Was soll, was kann und was muss bei 120 Minuten stehen? Fußball, Fußball, Fußball. In allen literarischen Formen: Essays, Poesie, Prosa, Reportagen, Berichte oder auch einfach nur lange Gedanken… Dafür wird Raum sein. Historiker, Soziologen, Fans können sich daran beteiligen. Der geneigte Leser wird sich nun fragen, wie ein Gedicht auf 1500 Wörter kommen soll. Zur Beruhigung: Allen Ginsbergs ‘Howl’ umfasst nahezu ein ganzes Buch und kommt dabei auf stolze 2500 Wörter. Dass dies ein Extrembeispiel ist, sollte klar sein und gleichzeitig niemanden, der gern Gedichte verfasst zur Thematik Fußball oder zu einem bestimmten Gesichtspunkt des Spiels, entmutigen einen Text bei 120 Minuten zur Veröffentlichung zu geben.Der Ball ist rund und ein Spiel dauert 90 Minuten. Manchmal dauern Spiele aber auch länger. Das ist dann die Nachspielzeit. Und dann gibt es manchmal auch eine Verlängerung. Das sind dann 120 Minuten. Ein langer Ball, flach oder hochgespielt, kommt an; lange Fußballtexte auch.

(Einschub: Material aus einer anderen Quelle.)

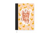 Le carnet A5 a des pages avec des lignes pré-imprimées et une barre pour régler la date. Ainsi, vous pouvez écrire vos notes proprement et de manière ordonnée. De plus, le bloc-notes contient un signet, afin que vous sachiez exactement sur quelle page vous êtes resté. Le cahier contient 98 pages. Cela vous permet d'avancer un moment avant que le livret ne soit plein !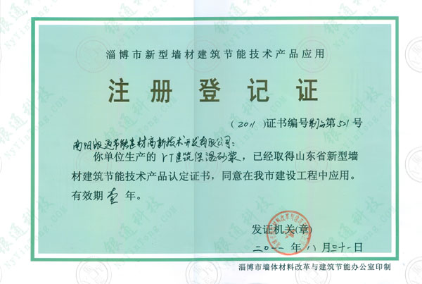 山東淄博市新型墻體建筑節(jié)能技術(shù)產(chǎn)品應(yīng)用注冊登記證2011證書編號第521號 南陽銀通節(jié)能建材高新技術(shù)開發(fā)有限公司 你單位生產(chǎn)的yt建筑保溫砂漿 已經(jīng)取得山東省新型墻材建筑節(jié)能技術(shù)產(chǎn)品認(rèn)定證書 同意在我市建設(shè)工程中應(yīng)用 有效期壹年 發(fā)證機(jī)關(guān) 淄博市墻體材料改革與建筑節(jié)能辦公室 二零零一八月三十一日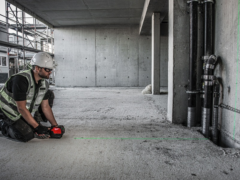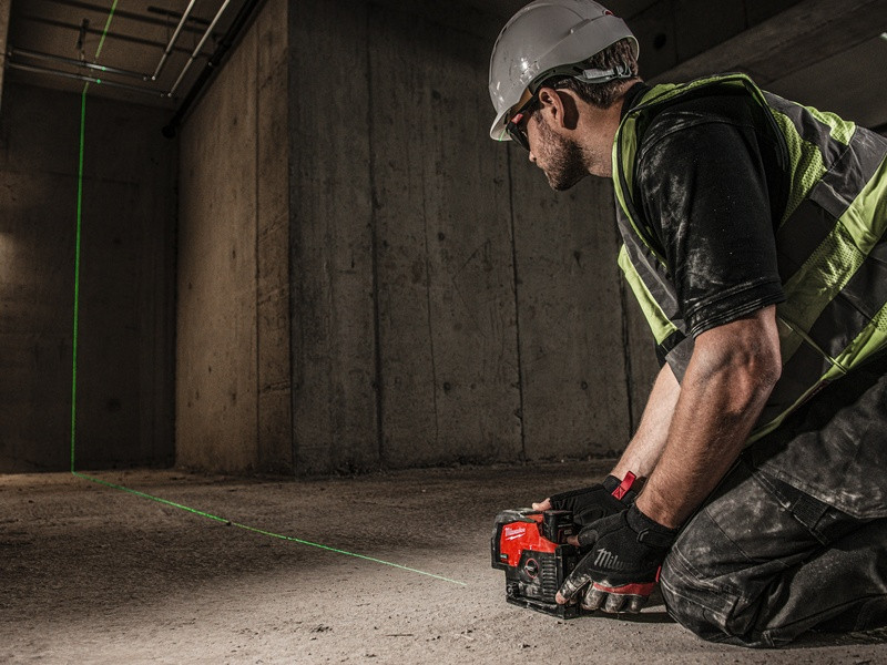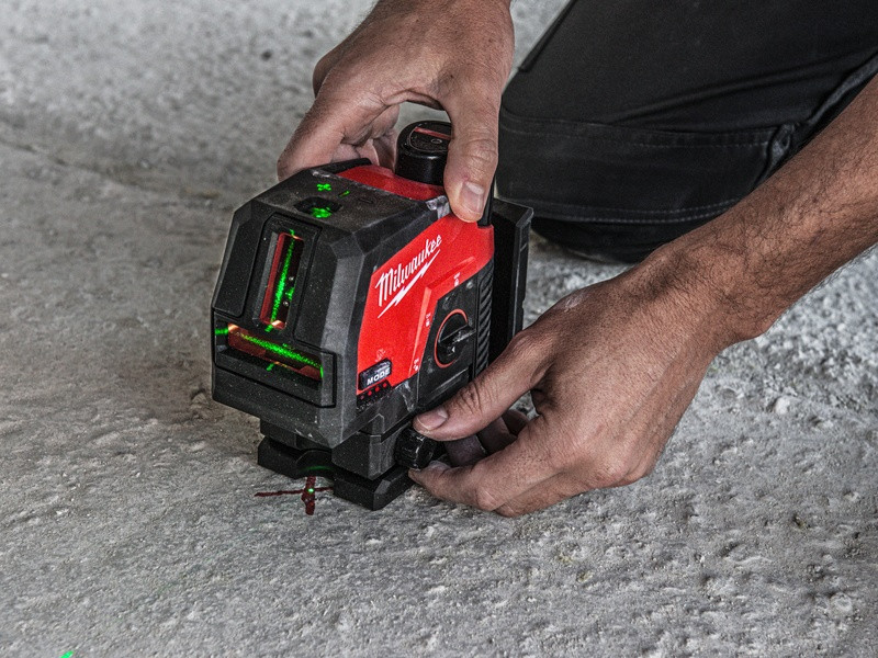 - Zelený krížový laser M12™ s olovnicami poskytuje funkcie všetko v jednom s vodorovným zarovnaním, zvislým zarovnaním a prenosom olovnice z podlahy na strop

Der Keim einer Idee ist gesät, nun braucht das zarte Gewächs Nahrung und Licht.

Update 22. Januar 2015

Wir haben in den letzten Monaten viel geschafft: sind von Blogspot zu WordPress umgezogen und haben uns vermehrt. Seit Herbst 2014 sind wir jetzt zu dritt. Der dritte Mann an den Reglern ist kein geringerer als Alexander Schnarr, der Herausgeber von Nur der FCM. Damit ist aber unsere Entwicklung noch nicht abgeschlossen. Wir suchen weiterhin schreibwütige Autoren, die sich gern über das Thema Fußball auslassen möchten und bieten ihnen gern den Raum und die Plattform für ihre Ideen.